Добавить в цитаты Настройки чтения

Страница 94 из 134

— Просто я узнал их, Ваше Преосвященство.

По мере приближения к миссии беспокойство Эктуса Бара росло. Построенная из тех же материалов, что и жилища тропиков, миссия стояла немного в стороне от деревни, возле одной из бухточек Гранд-Нигера. Располагая несколькими комнатками, она служила и жилым помещением для миссионера, и храмом Крейца, и офисом, и врачебным кабинетом (в данном случае он в основном использовался для лечения собственно жильца, которого туземные отвары часто выручали от злокачественных лихорадок). Полицейские оказались в труднейшем положении, расчищая себе дорогу среди детей, очарованных их униформой и волнобоями с длинными стволами и торчащими из кожаных чехлов затыльниками. Женщины хватали экзархов за руки и, смеясь, прикладывали их к своим животам или грудям, как бы приглашая их оценить упругость своей плоти.

Эктус Бар привычным глазом поглядывал на растерянные лица своих сверстников-крейциан и забавлялся. Его самого точно так же удивили местные обычаи, когда он заменил отца Ксотье, бывшего главу миссии, ставшего жертвой инфаркта миокарда (по официальной версии, но Эктус Бар скорее подозревал того в злоупотреблениях маком-афродизиаком). Прошло более пятнадцати платонианских лет с тех пор, как каждую ночь, отправляясь ко сну, он стал кого-нибудь обнаруживать в своей постели; сначала он отказывался нарушить свои обеты целомудрия и прикасаться к женщине, девушке, мужчине или мальчику, которого толкали в его объятия.

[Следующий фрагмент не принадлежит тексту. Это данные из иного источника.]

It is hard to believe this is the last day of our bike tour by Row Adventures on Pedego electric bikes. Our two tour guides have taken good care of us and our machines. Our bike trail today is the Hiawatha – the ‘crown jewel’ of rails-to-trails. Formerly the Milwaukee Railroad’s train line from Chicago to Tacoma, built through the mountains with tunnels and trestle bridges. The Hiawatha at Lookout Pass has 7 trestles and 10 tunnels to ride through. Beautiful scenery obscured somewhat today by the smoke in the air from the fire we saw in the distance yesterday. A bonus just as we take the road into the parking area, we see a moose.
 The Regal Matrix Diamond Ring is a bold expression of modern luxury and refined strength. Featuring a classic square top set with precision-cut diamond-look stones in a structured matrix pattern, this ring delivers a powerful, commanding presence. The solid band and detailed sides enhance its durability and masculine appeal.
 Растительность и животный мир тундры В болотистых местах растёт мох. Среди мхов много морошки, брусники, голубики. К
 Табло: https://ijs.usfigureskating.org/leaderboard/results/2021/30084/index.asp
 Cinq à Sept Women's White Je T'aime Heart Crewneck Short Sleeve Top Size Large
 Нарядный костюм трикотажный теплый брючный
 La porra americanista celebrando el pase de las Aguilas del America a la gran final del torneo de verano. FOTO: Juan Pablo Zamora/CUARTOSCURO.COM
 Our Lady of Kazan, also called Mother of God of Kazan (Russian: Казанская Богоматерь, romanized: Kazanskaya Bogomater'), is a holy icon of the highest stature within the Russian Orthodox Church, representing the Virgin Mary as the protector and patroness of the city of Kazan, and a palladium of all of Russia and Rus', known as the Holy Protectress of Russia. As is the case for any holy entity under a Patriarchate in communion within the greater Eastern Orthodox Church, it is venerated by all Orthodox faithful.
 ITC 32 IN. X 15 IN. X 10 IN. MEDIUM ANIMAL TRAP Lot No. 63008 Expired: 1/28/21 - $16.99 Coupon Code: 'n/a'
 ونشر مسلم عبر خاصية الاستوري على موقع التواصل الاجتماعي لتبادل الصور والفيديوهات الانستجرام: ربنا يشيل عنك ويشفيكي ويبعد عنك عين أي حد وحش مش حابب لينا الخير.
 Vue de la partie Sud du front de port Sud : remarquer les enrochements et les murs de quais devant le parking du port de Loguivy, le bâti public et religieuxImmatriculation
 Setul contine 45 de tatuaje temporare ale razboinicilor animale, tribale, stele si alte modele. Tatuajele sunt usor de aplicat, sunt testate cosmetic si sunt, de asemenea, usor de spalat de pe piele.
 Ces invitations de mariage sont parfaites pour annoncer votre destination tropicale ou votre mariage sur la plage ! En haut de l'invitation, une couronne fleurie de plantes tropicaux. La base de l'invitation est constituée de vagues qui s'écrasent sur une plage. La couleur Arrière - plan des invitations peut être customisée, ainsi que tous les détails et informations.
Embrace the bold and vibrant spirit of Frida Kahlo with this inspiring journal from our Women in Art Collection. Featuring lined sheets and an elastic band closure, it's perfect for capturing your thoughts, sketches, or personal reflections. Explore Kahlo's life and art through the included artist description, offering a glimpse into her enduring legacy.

Жители Бавало пришли к выводу, что Желто-Белого (его прозвище, которое шло от бледности его кожи и шафранового цвета его одежд) не привлекали ни женщины, ни мужчины в расцвете лет, и ему стали предлагать старух, стариков, трупы; затем, — когда все варианты с людьми исчерпались, — живую рыбу, дохлую рыбу и, наконец, спускаясь еще на ступень по лестнице эволюции, фрукты и листья. Потом вернулись к женщинам детородного возраста и в итоге добились своего: Желто-Белый отбросил свое равнодушие и начал усердно навещать «маленькие провальчики» компаньонок, приходивших предложить ему себя. Они распускали лестные слухи о размерах и мощи «великого соакры», которые посещал их, и все женщины деревни возжелали соединиться с миссионером. Таким образом, как и его предшественник, он был вынужден потреблять всё большее количество любовных маков, что позволяло ему являть неослабевающую мужественность. Он преступил одну из фундаментальных догм Церкви, но насчет этого утешался в предположении, что Крейц направил его окольными путями с целями, известными лишь Ему. Насколько Эктусу было известно, детей в деревне у него не образовалось (тропики, которые полностью контролировали свою рождаемость, не хотели смущать его нежеланным отцовством).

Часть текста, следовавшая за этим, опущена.